**Task brief**:
With the images removed, write out every line below exactly.

**Data section**:
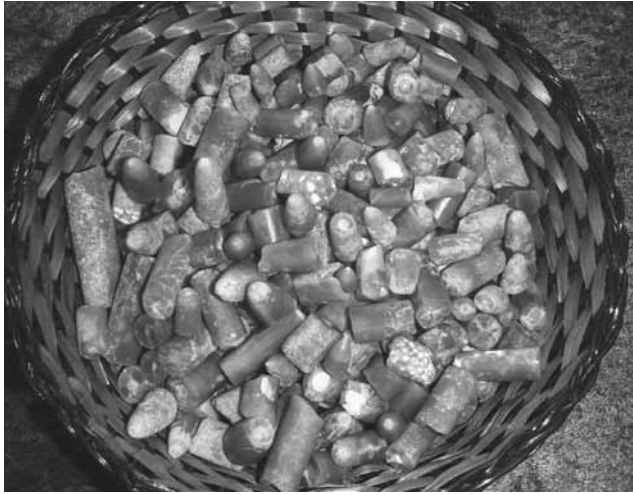
2 kg vættelys.

elighed og optimisme. Træerne tænker ikke "nej det her har vi ikke prøvet før, det har vi ikke bedt om, vi gider ikke" De prøver og håber det bedste. Med
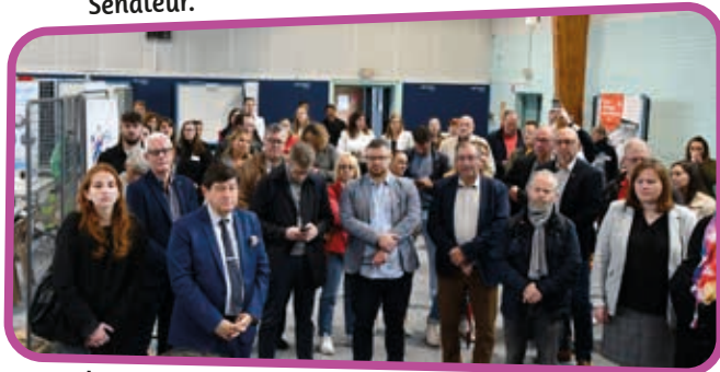
↑ Les recruteurs des PME et TPE étaient à l'honneur de cette 3 ème édition.

**Result of this task**:
2 kg vættelys.

elighed og optimisme. Træerne tænker ikke "nej det her har vi ikke prøvet før, det har vi ikke bedt om, vi gider ikke" De prøver og håber det bedste. Med
↑ Les recruteurs des PME et TPE étaient à l'honneur de cette 3 ème édition.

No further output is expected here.